Cette organisation est pionnière en Europe puisqu’avec le Daily Telegraph à Londres, Blick est le seul quotidien européen à s’être lancé dans l’expérience en mars 2010. Quelques mois après, le bilan est jugé satisfaisant. « Nous avions trois raisons de sauter le pas, détaille Edi Eastermann, le porte-parole de Ringier pour toute l’Europe de l’Ouest. D’abord, nous devions faire des économies, étant donnée la situation difficile de la presse. Ensuite, il fallait donner une réponse nouvelle au défi numérique en changeant notre façon d’envisager les médias Cela voulant dire repenser, enfin, notre organisation du travail ». Selon lui, sur ces trois points, « les premiers résultats sont satisfaisants : nous sommes fiers de ce qui a été accompli ». Qui ne le serait pas ? Avoir une marque de presse multi-supports avec une seule rédaction fait partie du rêve de nombreux patrons de presse. Mais peu ont pour le moment osé « coordonner la marque sur le canal le plus approprié 24h/24 » pour reprendre les mots de Marc Walder, directeur de Ringier Suisse.
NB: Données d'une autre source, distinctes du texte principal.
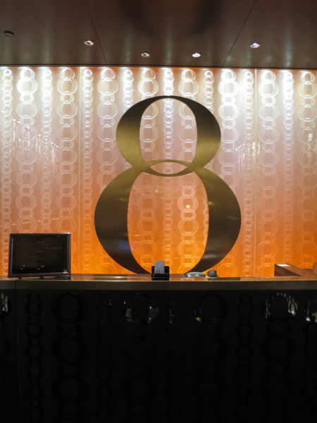 首先來到門口,服務人員禮貌的核對預訂和領位。剛好拍到服務員不在的櫃檯。就是一個氣派的「8」。走進大門,暗黑的走廊令人不得不注意腳下;這才發現地上是投影,引導消費者前進。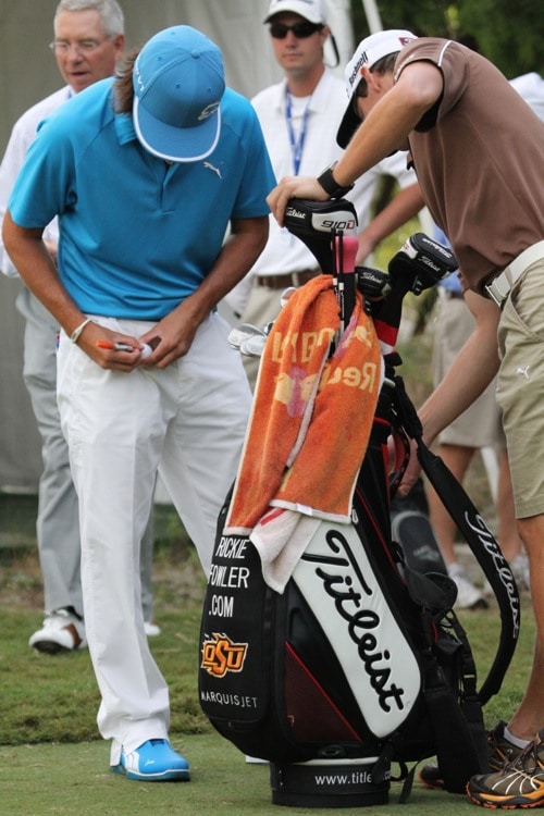 Rickie marks his Titleist Pro V1x golf ball – with an orange marker, of course.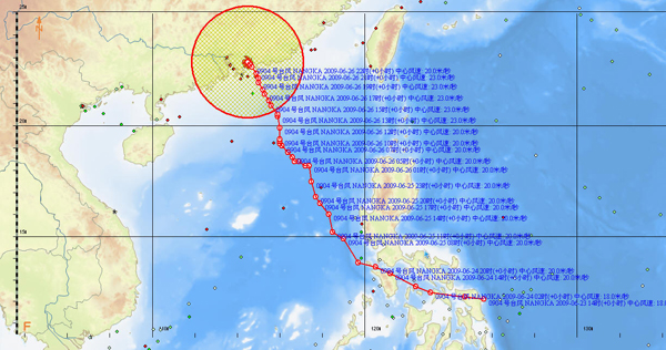 系统提供国内外多个权威台风发布机构发布而台风预报信息,内容包括来源、时次、时效、中心经度、中心纬度、中心最低气压、最大风速、风圈半径、移向、移速等,并将台风信息和船舶位置信息进行对比,对可能造成威胁的船舶进行预警。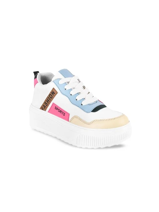 A pair of round toe white flatforms ,has regular styling,Velcro detailSynthetic upperCushioned footbedTextured and patterned outsole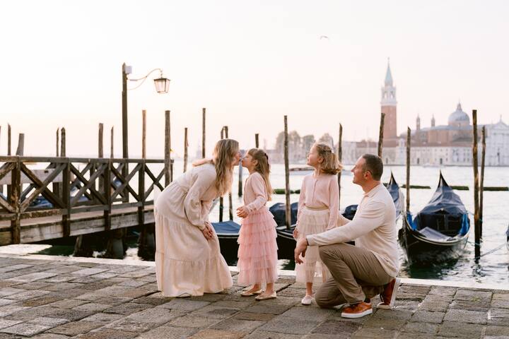 Fejr din rejse til Venedig med en afslappet familiefotosession. Vi udforsker charmerende gyder, broer og kanaler, mens jeg indfanger ægte smil, latter og kærlighed. Ingen stive stillinger – bare ægte øjeblikke, der afspejler jeres bånd. Du får tidløse billeder, som du kan værdsætte for evigt.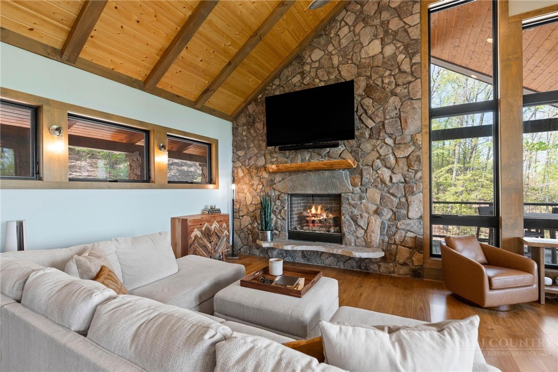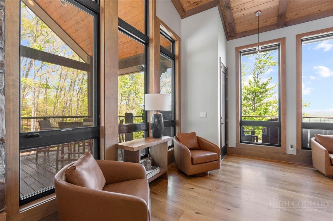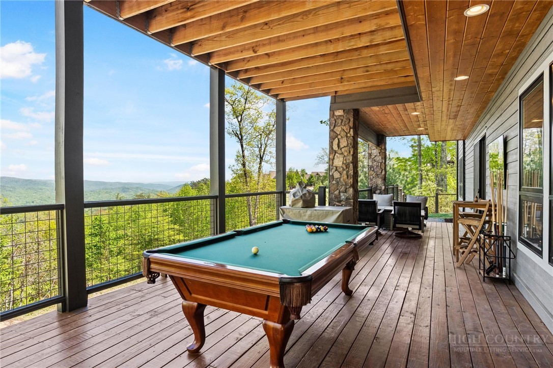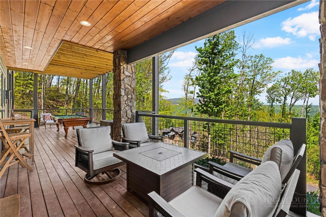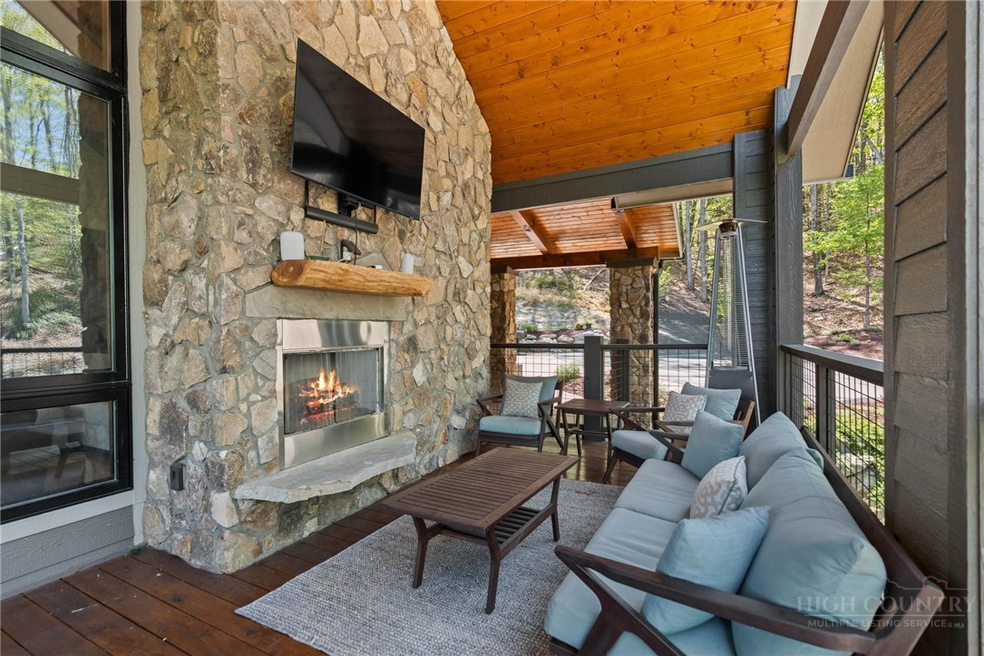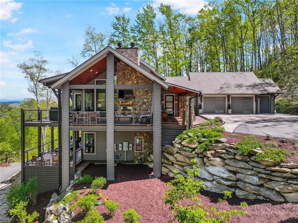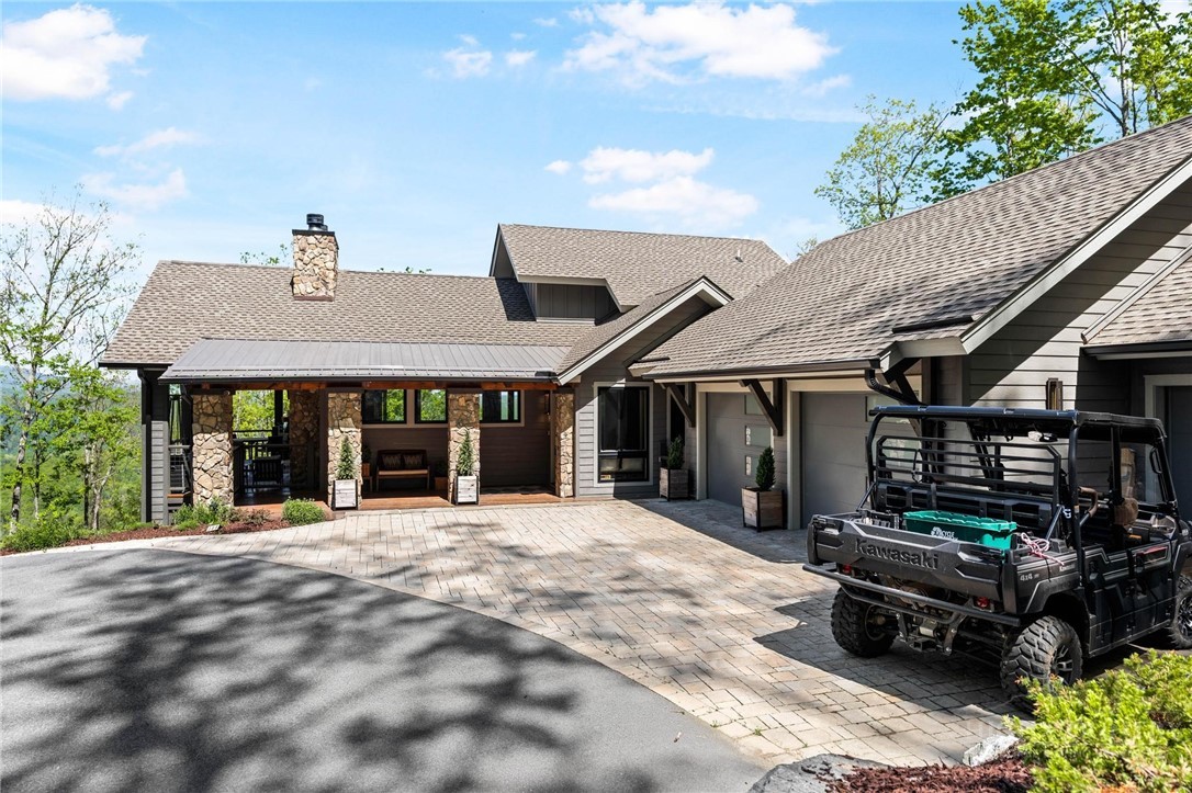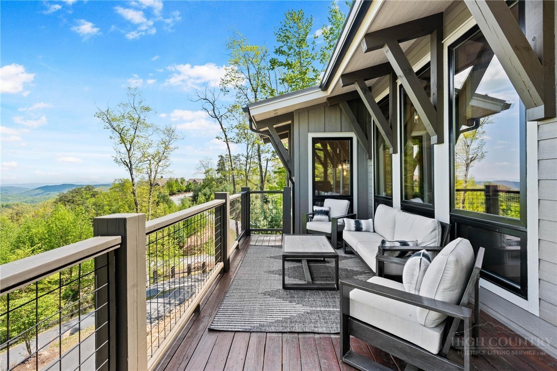 This stunning mountain contemporary home, located in the prestigious Blue Ridge Mountain Club, offers breathtaking long-range views and meticulous landscaping that perfectly complements its natural surroundings. Enjoy plenty of parking space along with a detached two-car heated garage, featuring an additional UTV garage for all your storage needs. The seamless open floor plan is perfect for entertaining, highlighting a great room with a striking stone fireplace. An abundance of windows floods the space with natural light, creating a warm and inviting atmosphere. Flowing effortlessly from the dining area, the kitchen boasts sleek granite countertops with modern edges and a spacious oversized sink, making it a chef's delight. The main level hosts the primary bedroom, complete with a beautifully designed en-suite bath featuring an oversized soaking tub and a luxurious walk-in shower. Upstairs, find another well-appointed bedroom with its own en-suite bath, providing privacy for guests or family. Venture downstairs to discover a cozy family room equipped with a wet bar and wine room, along with two additional en-suite bedrooms for ultimate comfort. The expansive outdoor deck spaces feature an outdoor fireplace, perfect for enjoying serene evenings under the stars while soaking in the magnificent views. A partial fence offers safety and comfort for your furry friends. This home combines modern elegance with mountain charm, making it the perfect sanctuary for those seeking luxury and tranquility. This home is not just a place to live; it’s a lifestyle. Residents of the Blue Ridge Mountain Club are invited to indulge in an unparalleled lifestyle, surrounded by a wealth of exceptional amenities, including hiking trails, UTV trails, mountain streams, swimming holes, wellness spa, pickleball courts, restaurant, etc.
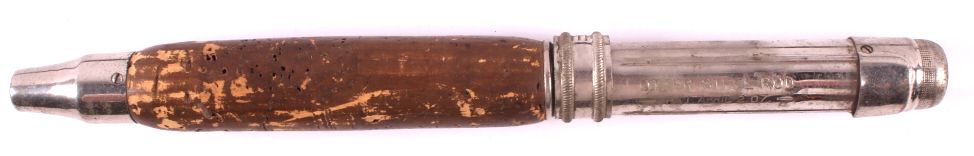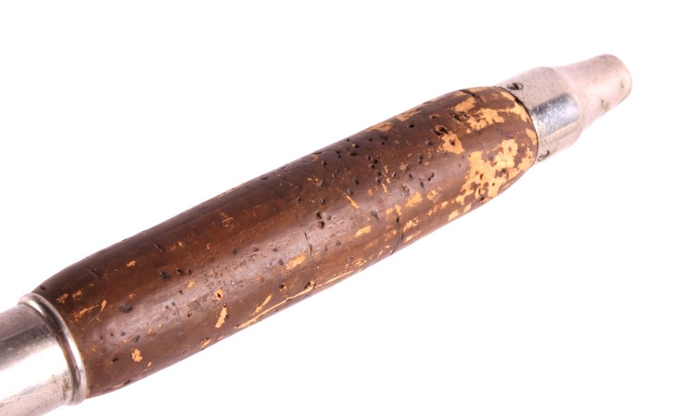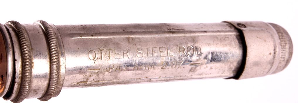 This lot features an antique Otter Steel Rod fly rod. The fly rod is made from steel with brass ferrules. The handle is made from cork and aluminum. The reel seat is marked "Otter Steel Rod Pat. April 2, 07". The fly rod is in very good condition. It comes with the original cloth sock. The fly rod measures 99.5" long.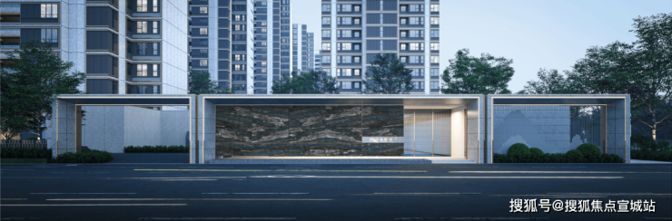 第一进:星级酒店的入户门头搭配入户水景,让入户更具仪式感、同时通过院内布景的遮挡,让小区内部景观增添一抹神秘感;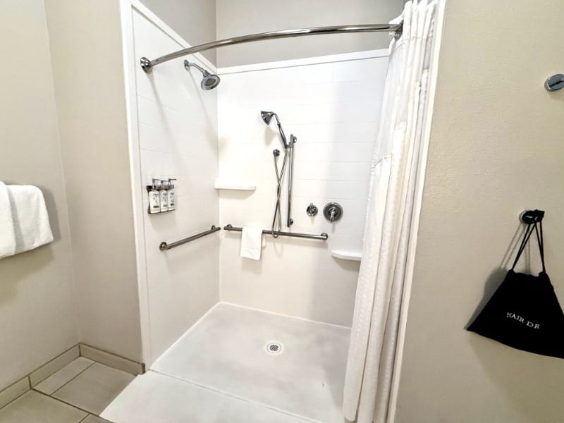 Accessible bedroom and roll-in shower at SpringHill Suites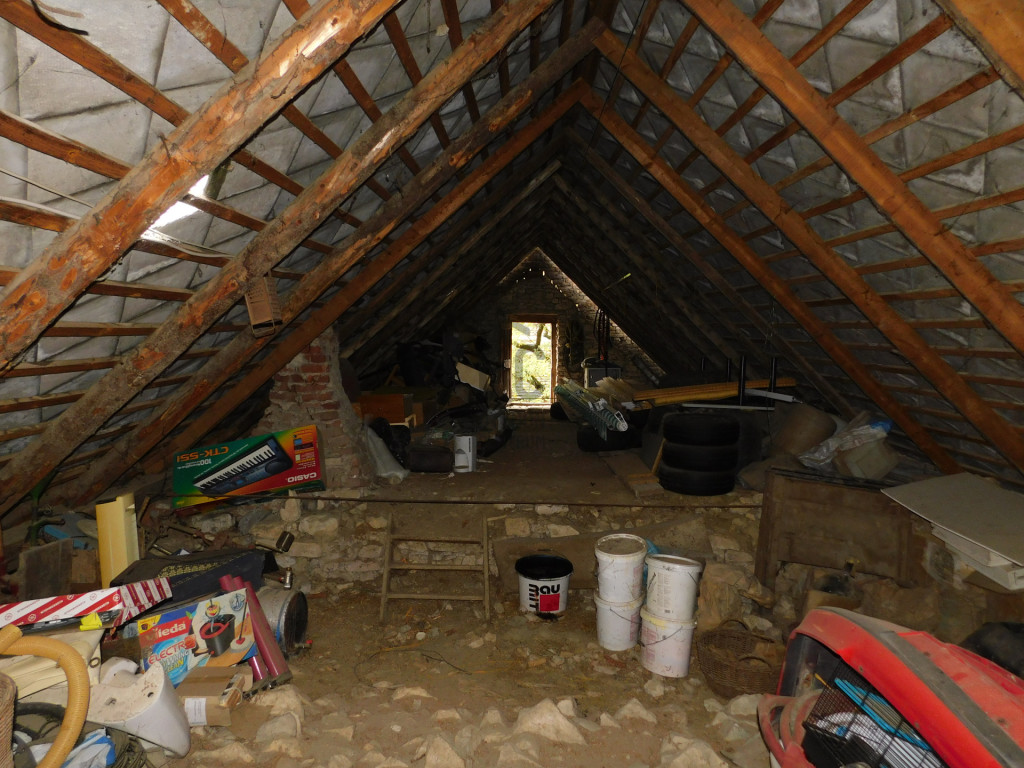 A ház padlástere tagolt elosztású, amely felújítás után teljese egészében beépíthető, külön szobákra osztható.

Avec 11,5M€ investis, le groupe média espère rentabiliser l’ensemble en 2014. Toutefois, cette mise en place, préparée depuis 2007, ne s’est pas faite sans heurts. En effet, l’éditeur zurichois a annoncé en février dernier le licenciement de 25 personnes. Les autres -ceux qui ont pris le train de la newsroom- semblent globalement épanouis. « Mon job est devenu plus intéressant, assure Priska Wallimann, directrice de la photo pour les quatre titres. Il faut être plus imaginatif pour les infographies ou le choix des photos et faire des arbitrages. Cela met du piment dans notre travail ». Les journalistes de terrain, eux, conviennent qu’il n’est désormais plus possible de se « retrouver dans une concurrence stérile entre le titre payant et le titre gratuit », et assurent que « le travail en lui même n’a pas réellement changé ». Ainsi, pour eux « la vérification, le recoupement, le travail d’enquête sont toujours les mêmes, seulement, le support au lieu d’être unique, est devenu multiple ».
En clair, le support est choisi en fonction de la teneur d’une histoire. Avec quelques règles simples. Si l’info ne peut pas tenir une journée, elle est mise en ligne. Mais si elle a un caractère exclusif, les titres payants sont prioritaires sur les autres, etc. Une charte de vingt commandements a même été élaborée. Une façon comme une autre de répondre aux différentes interrogations posées par l’avènement d’internet comme source d’information des lecteurs. Avec toutefois un bémol pour le travail des journalistes. Il s’est complexifié et les horaires sont devenus plus élastiques. Pas de quoi s’offusquer tant que la qualité éditoriale est mise en avant, que les salaires suivent et que la technique et l’immédiateté ne prennent pas le pas sur l’enquête et le décryptage.